- DATASET EXCERPT -
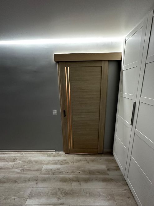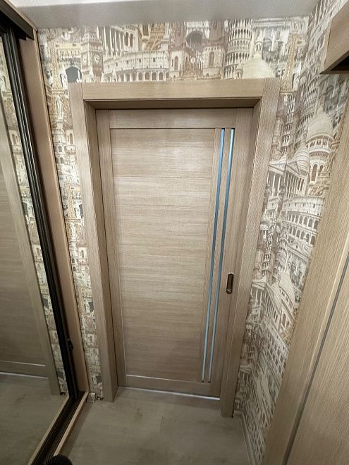 ПО QuLine 8-3 Беленый дуб стекло белое раздвижная с установкой "под ключ" в Петергофе
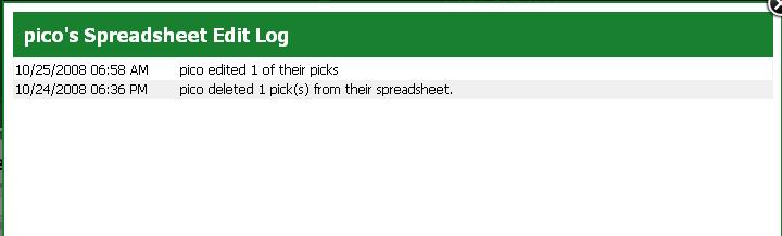 #22Very true. The only thing that sucks is if you change the sport it counts as an edit since you have to change it and click save. I know there have been times when I have been entering all of my bets and leave it on nhl or some shit and enter in 20 ncaa picks without noticing it. I can't even view my log for some reason to know if it counts as an edit for changing the sport. I'd be more worried about excessive deletes...not sure how editing can really change anything since your pick is already locked in.Originally posted by InTheHole^ How so? For example, I did an edit search on your and this is what came up. On 331 picks this tells me the edit and delete were honest. If you has 200 edits I would be concerned...is there another way?Comment -
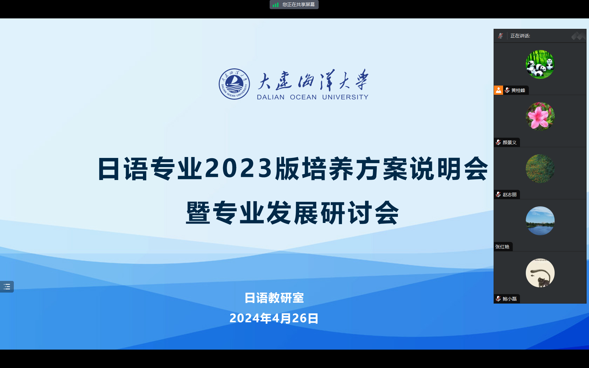 4月26日,麻豆视频 日语教研室通过腾讯会议召开了日语专业2023版培养方案说明会及专业发展研讨会,会议由日语专业负责人黄桂峰主持,日语教研室主任颜景义、副主任曲凤鸣及全体教师参加会议。
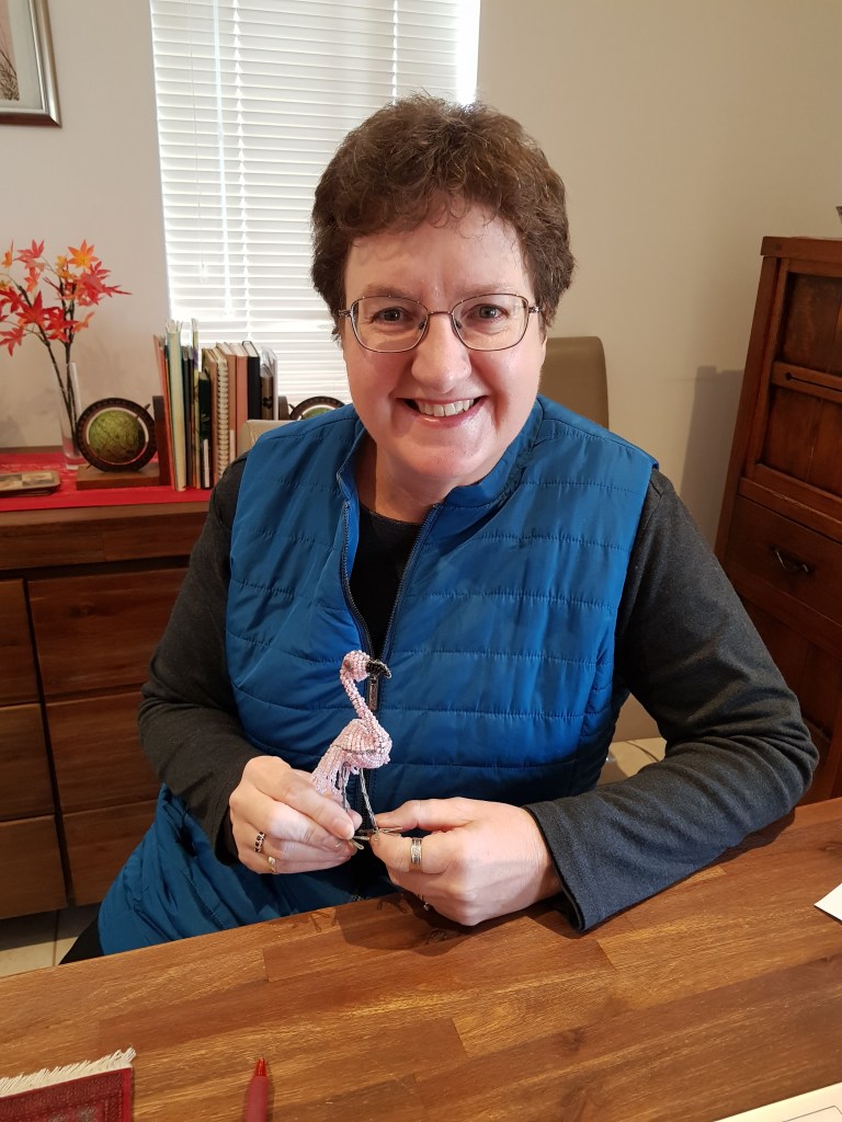 More recently, a new benchmark was established. March 2018, a trip to South Africa to see the cricket (a story there for another day – the “Sandpaper Test”). After cricket, sightseeing tours, wine tasting, and generally a very good time, we decided to pick up a few local souvenirs. Last chance to purchase some items for family and friends. An elephant print textile for neighbour Denise, some sew-on patches for sisters Lynette and Rosalie. Ah, that looks interesting – a beaded flamingo.

- PROBLEM TO WORK ON -
Reproduce the lines from the one with "4月26日,麻豆视频 日语教" through the end of the data, keeping both end lines, adding nothing, and dropping any pictures.

- SOLUTION TO THE PROBLEM -
 4月26日,麻豆视频 日语教研室通过腾讯会议召开了日语专业2023版培养方案说明会及专业发展研讨会,会议由日语专业负责人黄桂峰主持,日语教研室主任颜景义、副主任曲凤鸣及全体教师参加会议。
 More recently, a new benchmark was established. March 2018, a trip to South Africa to see the cricket (a story there for another day – the “Sandpaper Test”). After cricket, sightseeing tours, wine tasting, and generally a very good time, we decided to pick up a few local souvenirs. Last chance to purchase some items for family and friends. An elephant print textile for neighbour Denise, some sew-on patches for sisters Lynette and Rosalie. Ah, that looks interesting – a beaded flamingo.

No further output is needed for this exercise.